Paris yeni rolünün hakkını vermeli
Avrupa'nın güvenliğini sağlamak için bilhassa Fransa, askeri stratejisini gözden geçirmeli, diyor Le Point:
“Avrupa'nın güvenliğinin sağlanması konusunda lider bir role bürünmek zorunda. Brexit'in ardından, nükleer caydırıcılığa sahip olan, birlikler gönderebilen ve kompleks askeri operasyonlara girecebilecek BM Güvenlik Kurulu daimi üyesi tek Avrupa ülkesi Fransa olacak. ... 1930'lardan bu yana böyle bir durumla karşı karşıya kalınmamıştı. Bu noktadan itibaren Fransa'ya bilhassa büyük bir sorumluluk düşüyor. İç ve dış güvenlik konusunda küresel bir strateji geliştirmeli, yatırım doktrinini modernleştirmeli ve yeniden güvenliğine yatırım yapmaya başlamalı.”
ABD'li vergi mükellefinden bağımsız olmalı
ABD geri çekilecek olursa Avrupa'nın elini taşın altına koyması gerekir, diyor Postimees:
“Avrupa'nın bir an önce yeni ABD başkanı Donald Trump'ın politikasından ilgili sonuçları çıkarmasında fayda var. Buradaki temel sarsıcı nokta, ABD'nin politikası ve desteğinin istikrarlı olmaması. ... Bu sadece, gelişmelerin kötüden ziyade iyi yönde gerçekleştiği savunma başlığı için değil, ticaretten iklim araştırmalarına ve uzay programlarına kadar bir dizi alan için geçerli. Küresel öneme sahip kaç girişim ve gelişmenin ABD'li vergi mükelleflerine ve ABD'nin federal bütçesine bağlı olduğunun yakından incelenmesi gerekiyor. Eğer ki bu katkı, Avrupa açısından kritik öneme sahipse biz Avrupalılar olarak kendimize şu soruyu sormalıyız: Bugüne kadar söz konusu programlar için yeterli parayı neden kendimiz toplamadık?”

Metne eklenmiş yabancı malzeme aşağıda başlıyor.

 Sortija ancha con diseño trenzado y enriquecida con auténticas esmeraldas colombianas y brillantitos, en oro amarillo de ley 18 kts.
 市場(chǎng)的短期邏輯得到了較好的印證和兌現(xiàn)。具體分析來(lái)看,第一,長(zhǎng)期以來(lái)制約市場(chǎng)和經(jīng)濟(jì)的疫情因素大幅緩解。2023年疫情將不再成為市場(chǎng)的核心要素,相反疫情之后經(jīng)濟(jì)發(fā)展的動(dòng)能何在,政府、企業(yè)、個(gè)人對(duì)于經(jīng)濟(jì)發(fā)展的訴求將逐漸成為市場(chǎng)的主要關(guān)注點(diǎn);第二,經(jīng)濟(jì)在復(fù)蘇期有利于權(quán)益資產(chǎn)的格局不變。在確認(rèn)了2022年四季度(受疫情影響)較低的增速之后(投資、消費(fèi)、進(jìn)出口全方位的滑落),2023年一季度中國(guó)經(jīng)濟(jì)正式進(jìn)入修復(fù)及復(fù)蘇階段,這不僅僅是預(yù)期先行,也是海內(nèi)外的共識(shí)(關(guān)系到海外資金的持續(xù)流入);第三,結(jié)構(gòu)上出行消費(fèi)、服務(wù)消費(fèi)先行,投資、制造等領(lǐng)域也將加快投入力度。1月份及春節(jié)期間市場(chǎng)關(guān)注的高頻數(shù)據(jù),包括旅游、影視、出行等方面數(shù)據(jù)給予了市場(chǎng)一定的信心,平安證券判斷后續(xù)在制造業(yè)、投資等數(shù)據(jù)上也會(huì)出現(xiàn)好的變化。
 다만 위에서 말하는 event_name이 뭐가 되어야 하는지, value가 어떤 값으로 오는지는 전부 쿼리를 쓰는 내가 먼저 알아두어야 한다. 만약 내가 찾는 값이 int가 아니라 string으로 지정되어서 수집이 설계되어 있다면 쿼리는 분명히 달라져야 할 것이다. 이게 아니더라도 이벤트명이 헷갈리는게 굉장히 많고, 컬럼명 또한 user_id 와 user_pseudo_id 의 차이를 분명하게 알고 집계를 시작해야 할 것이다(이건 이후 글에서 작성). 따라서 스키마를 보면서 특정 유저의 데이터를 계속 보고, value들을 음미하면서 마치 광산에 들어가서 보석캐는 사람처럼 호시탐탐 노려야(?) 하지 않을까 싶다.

Kriz önleme NATO bütçesine dahil mi?
NATO üyesi tüm ülkelerin, yıllık GSYH'larının yüzde ikisini savunmaya ayırmaları talebi, çağdışı bir yaklaşım, diye karşı çıkıyor Salzburger Nachrichten:
“ABD bu parayı büyük oranda kendisi için harcıyor zaten; üstelik (tıpkı Britanya ve Fransa gibi) tüm askeri güçlerinin sadece bir kısmını NATO'nun hizmetine sunuyor. Gündeme gelen yüzde ikilik hedef ise, aslında salt askeri güce indirgenmiş bir güvenlik anlayışının çağdışı yaklaşımının kanıtı. Kalkınma yardımı, iklim koruma, kriz önleme ve diplomasi günümüzde güvenliğin ayrılmaz birer parçası. Örnek olarak Almanya, Amerikalıların düşüncesiz askeri müdahaleleri nedeniyle Ortadoğu'da yerlerinden edilen sığınmacıların entegrasyonuna büyük meblağlar ayırmak zorunda.”

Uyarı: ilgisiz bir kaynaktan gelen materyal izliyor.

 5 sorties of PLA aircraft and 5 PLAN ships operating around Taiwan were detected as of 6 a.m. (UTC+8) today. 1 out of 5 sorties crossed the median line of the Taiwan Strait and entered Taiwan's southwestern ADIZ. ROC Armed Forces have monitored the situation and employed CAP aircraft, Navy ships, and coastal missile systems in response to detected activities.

Rusya karşında tek korunak birleşik NATO
Diena gazetesi Nato partnerlerinden daha çok dayanışma beklediğini dile getiriyor:
“Avrupalı siyasetçilerin tamamı şimdiye kadarki rotada devam etme görüşünü paylaşmakla beraber, hepsi GSYH'larının yüzde 2'sini savunmaya harcamaya razı değil. Trump'un Rusya'yla iyi ilişkiler kurma umudundan da anlıyoruz ki, kimi Avrupalı liderler bedelini ödememek için Rusya'dan korkmaya devam etmeye razılar. ... Bu bağlamda Trump'ın umutlarına taş koymak Avrupalı siyasetçilerin işine gelecektir. Bunlar NATO'nun geleceği için iyi şeyler değil. Çünkü bu örgüt sadece ortak hedeflere inanıldığı sürece değil, acil durumlarda destek garantisi olduğu sürece ayakta kalabilir.”

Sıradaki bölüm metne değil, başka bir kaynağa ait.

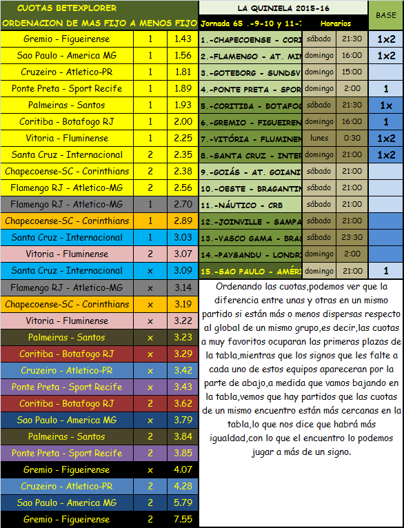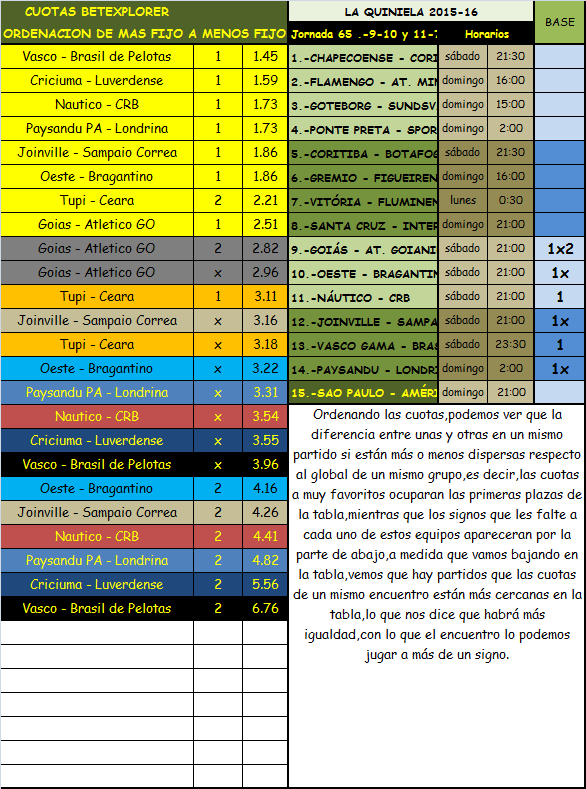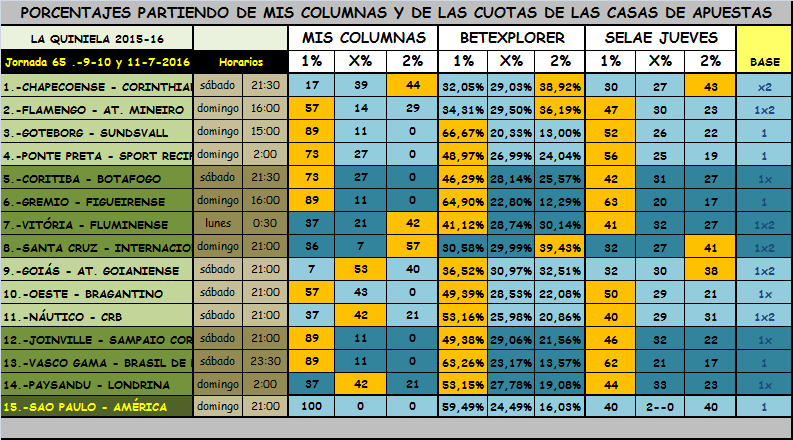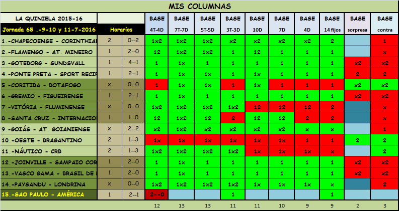 QUINIELA JORNADA 65, SABADO, DOMINGO Y LUNES, 9-10-11 JULIO 2016.

Amerikalı generallerin hesap hatası
ABD'nin getirdiği, Avrupalı ortakların NATO harcamalarını arttırması talebinin meşruiyetini sorgulayanlardan biri de Neatkarīgā gazetesi:
“ABD'nin tüm askeri harcamaları sadece NATO antlaşmalarına bağlı olsa, Amerika'nın bu talebi haklı ve geçerli olabilirdi. ... İşte o zaman doğru bir yaklaşım olurdu! Tüm NATO üyesi ülkelerin, askeri giderleri bir dayanışma içerisinde paylaşmaları adil ve haklı olurdu. Ne var ki, NATO ne küresel bir askeri teşkilat ne de tüm dünyada faaliyet gösteriyor. En azından Amerika Birleşik Devletleri'nin Güney Pasifik, Kızıldeniz ya da Basra Körfezindeki askeri faaliyetleri NATO adına değil. Üstüne üstlük yine ABD'nin NATO harcamaları GSYH'sının yüzde birini bile oluşturmuyor. Aslına bakılacak olursa savunmaya, ABD'den daha fazla bütçe ayıran NATO ülkeleri zaten var. Bu nedenle başkalarından büyük taleplerde bulunan ABD'li generaller her şeyden önce kendilerine bir bakmalı ve Kuzey Atlantik İttifakı'na kendi katkılarını doğru biçimde değerlendirmeli.”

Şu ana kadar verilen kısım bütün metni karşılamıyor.